Could you emphasize that train_size and test_size refer to labels and not samples? I would add something like this in the top part of the docstring.

For example, a less computationally intensive alternative to LeavePLabelOut(labels, p=10) would be ShuffleLabelsOut(labels, test_size=10, n_iter=100).

Note: The parameters test_size and train_size refer to labels and not to samples, as in ShuffleSplit.

Also, could you add this to /doc/whats_new.rst and to the user's guide (/doc/modules/cross_validation.rst?

Thanks!

ogrisel · 2015-07-02T07:12:53Z

@bmcfee could you please rebase on top of master and reference this new class in doc/modules/classes.rst? Please also cross-reference related classes in docstrings using a "See also" section as done in #4444.

ogrisel · 2015-07-03T14:10:56Z

Also I wonder if we should not rename this class ShuffleDisjointLabelSplit to be more in-line with the new DisjointLabelKFold class while being consistent with the basic ShuffleSplit alternative.

amueller · 2015-07-12T21:35:57Z

LabelShuffleSplit?

jnothman · 2015-08-03T03:48:10Z

I'm looking for something along the lines of this or DisjointLabelKFold atm. I think we need some clarity for ourselves as to when each is the right choice.

As for this particular proposal, I think users often find themselves expecting this functionality from LeavePLabelsOut. At a minimum, the "see also" needs to be emphasised. At the other extreme, we could incorporate this functionality into LeavePLabelsOut with n_iters='all' for current behaviour.

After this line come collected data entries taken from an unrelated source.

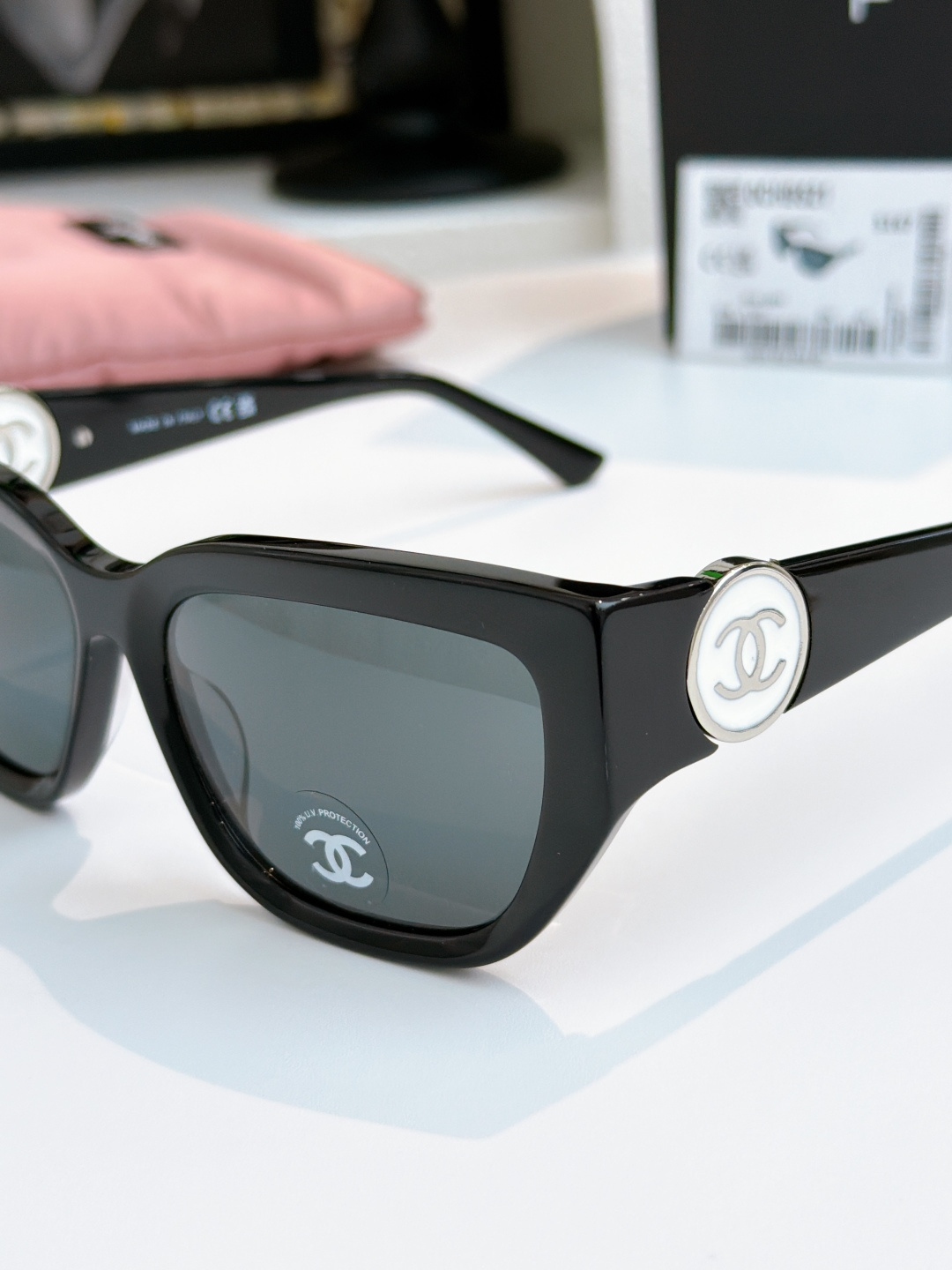 這款太陽眼鏡是AAAAA 1:1 質量(非常棒). 使用了和原版一模一樣的材料. 商標部分也保持了和香奈兒/Chanel一樣. 圖片拍攝是實物太陽眼鏡拍攝, 您所收到的實物保證和我們圖片一模一樣.
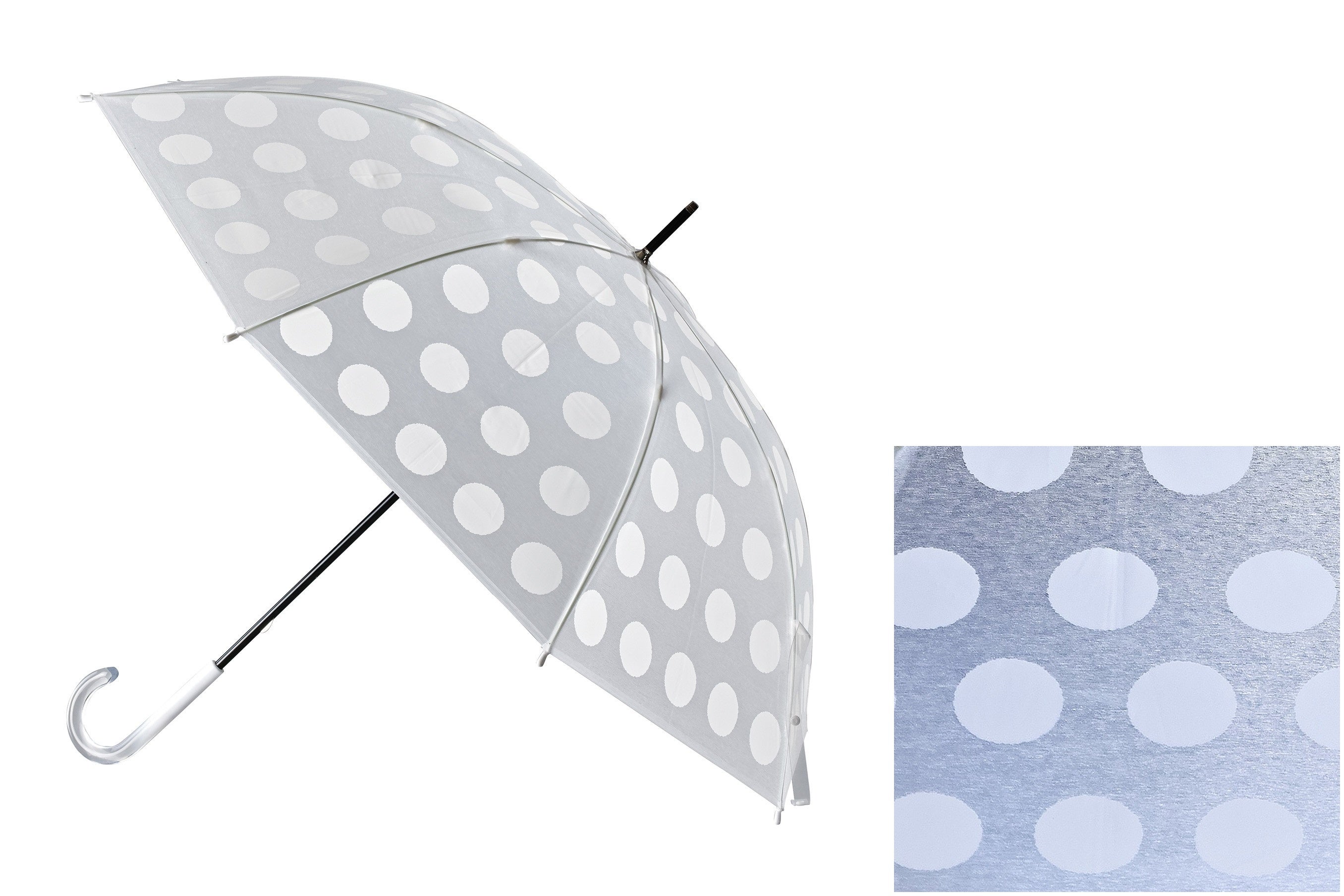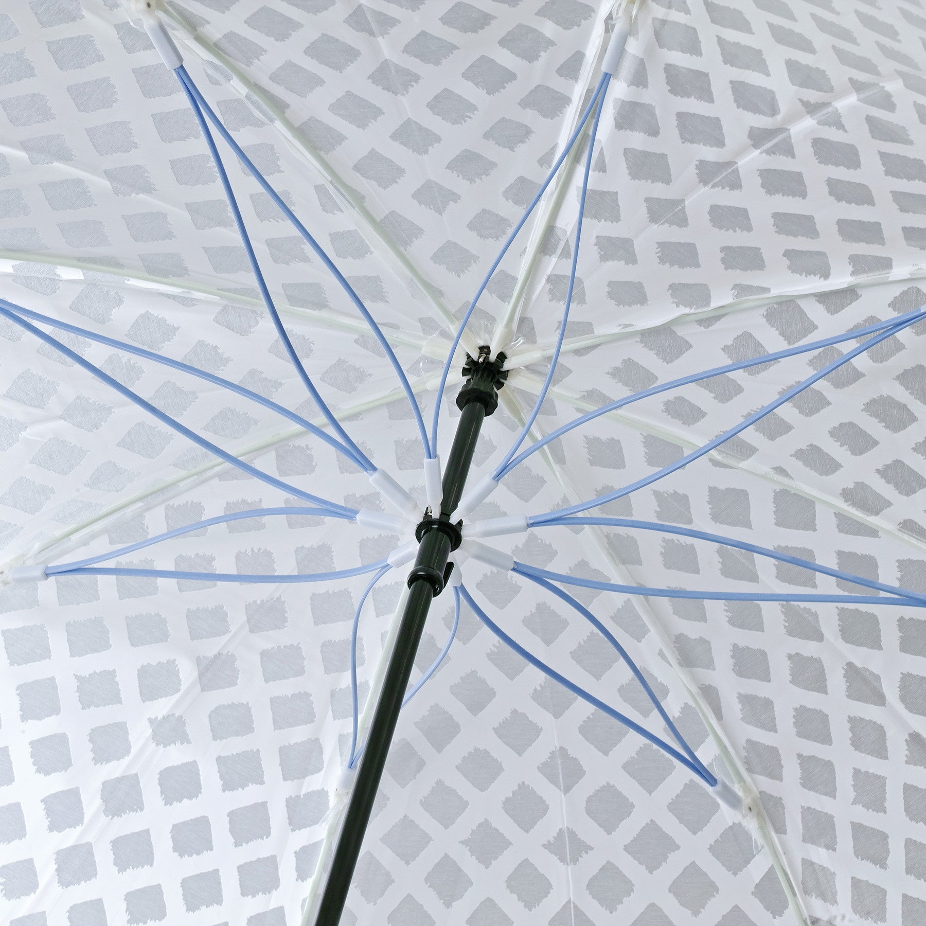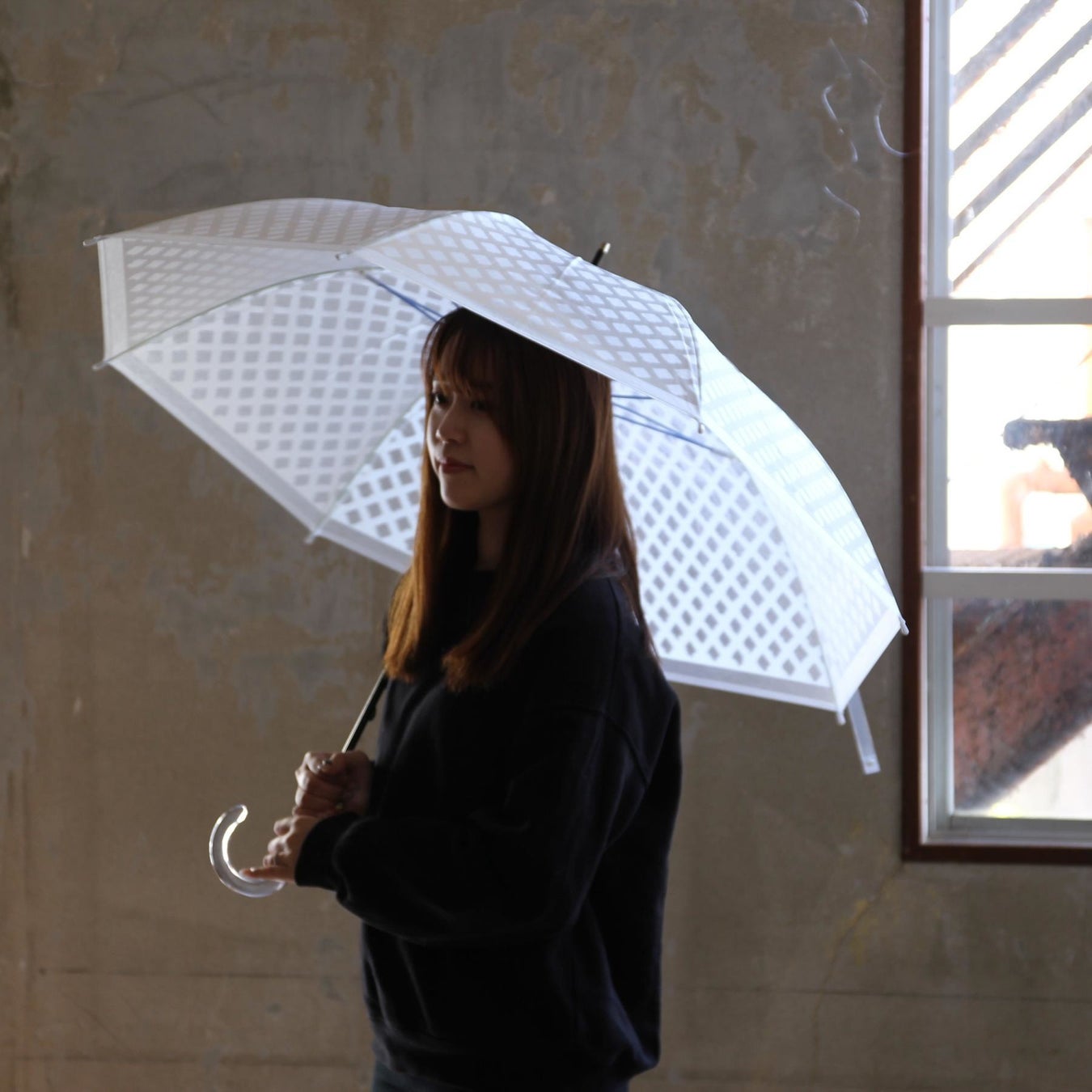 特殊な表面のテクスチャーに、まるで透かし和紙のようなデザインの「ハッピーフロストアンブレラ」は、透明傘に抵抗感がある方や落ち着いたデザインを探されている方におすすめしたい大人のためのビニール傘です。フロストタイプの半透明素材は角度によってキラキラした繊維のように反射し、高級感漂う透かし和紙のような風合いに仕上げました。その上品な質感は一見、ビニール傘とは思えないほどのクオリティーです。さらに、透明~乳白色と目を引くグラデーションのハンドルと、開いた時に広がるブルーのお花をイメージした受骨で女性らしさを演出。柄は和紙の素材感を引き立たせる、水玉・格子・花柄の3柄展開。持つ人を上品に魅せ、傘を開いた時の幻想的な世界は中に居る自分も惚れ惚れする美しさなので雨の日が待ち遠しくなるビニール傘です。普段使いにはもちろん、浴衣や和装など様々なシーンで活躍するアイテムです。
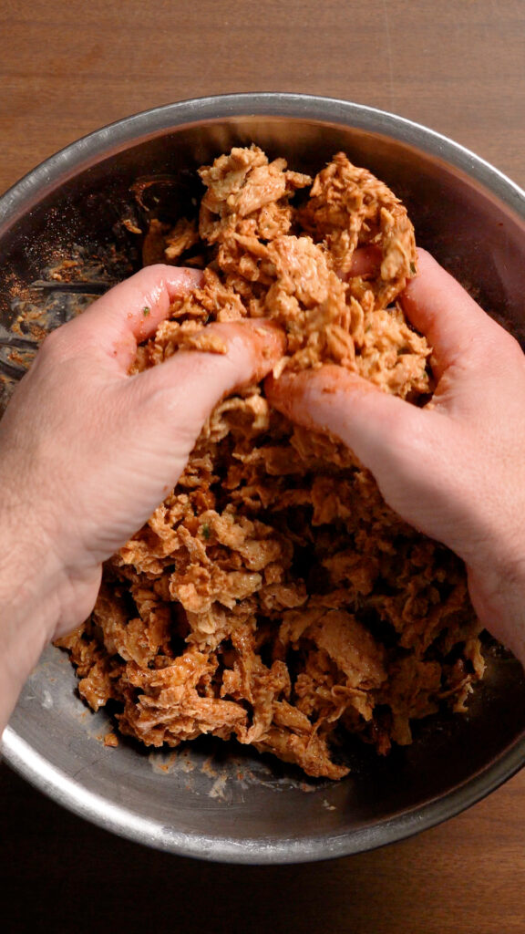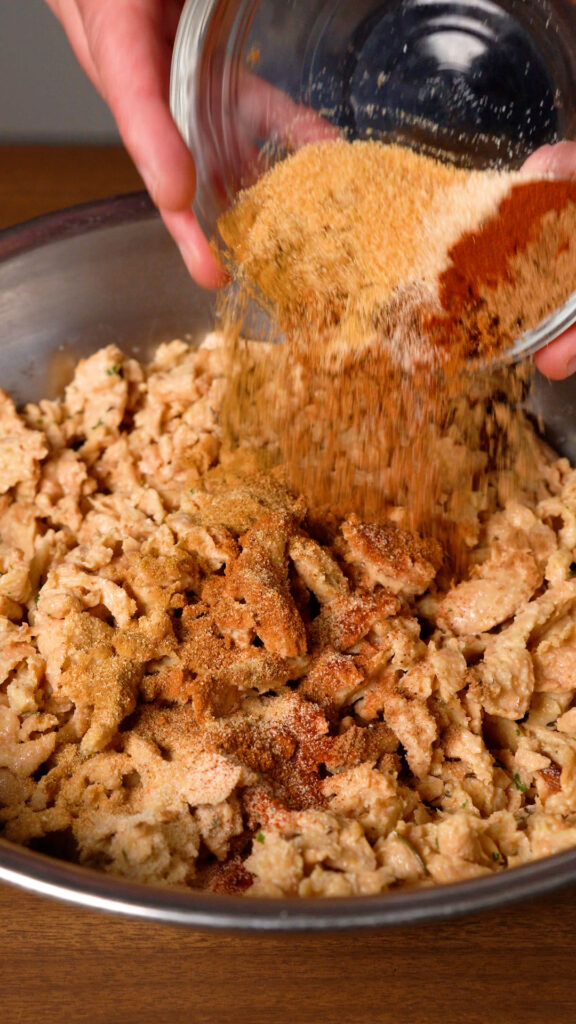 That is the recipe for the Soy Curl Chick’n. In order to get this tasting like Tex-Mex, we’ll be adding in some Chili Powder, Cumin, Garlic and Onion Powder, Coriander, Smoked Paprika and a little Soy Sauce at the end!
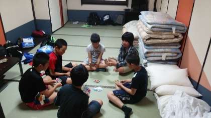 朝のひとときを使って 布団を片付けたり班での交流をしたり 朝食の前のほっこりタイムです♪ 寸暇を惜しんでトランプをしているグループもあるようですね。
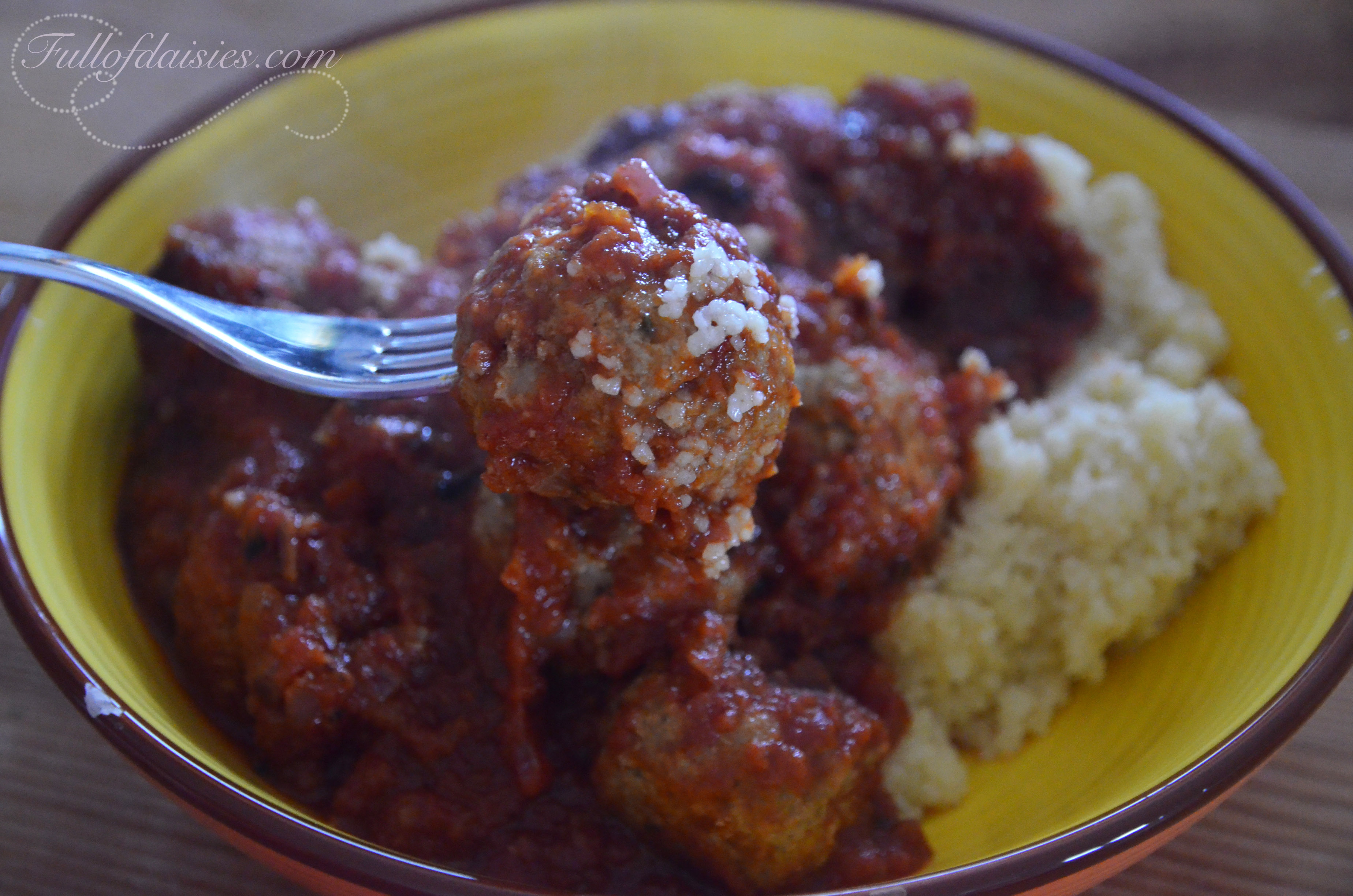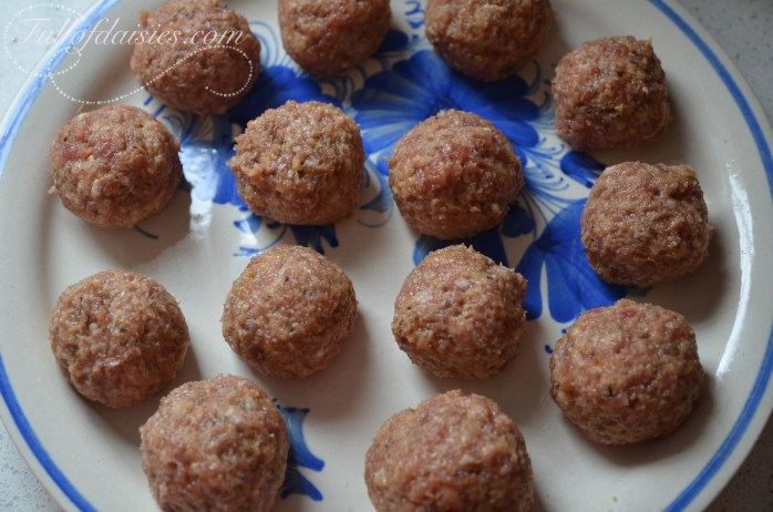 The only difference between mine and hers is the milk and breadcrumb mixture, that makes the meatballs slightly less dietetic but so so much more tender 🙂

jnothman · 2015-08-03T03:49:22Z

doc/whats_new.rst

@@ -13,6 +13,10 @@ Changelog
 New features
 ............

+   - :class:`cross_validation.ShuffleLabelsOut` generates random train-test splits,
+     similer to `ShuffleSplit`, except that the splits are conditioned on a label array.


Use :class:

amueller · 2015-08-03T16:11:34Z

I'd be ok with just adding more to the "see also" section (for now?)

glouppe · 2015-08-30T09:26:43Z

I'll squash and fix this last comment myself.

FedericoV · 2015-08-30T09:45:25Z

+1 - this looks really good, and it's a simple functionality that was missing.

glouppe · 2015-08-30T10:00:57Z

Merged by rebase as 21a966a

choldgraf · 2015-08-30T15:03:05Z

Great, now I can stop using my hacky workaround to this :) thanks so much!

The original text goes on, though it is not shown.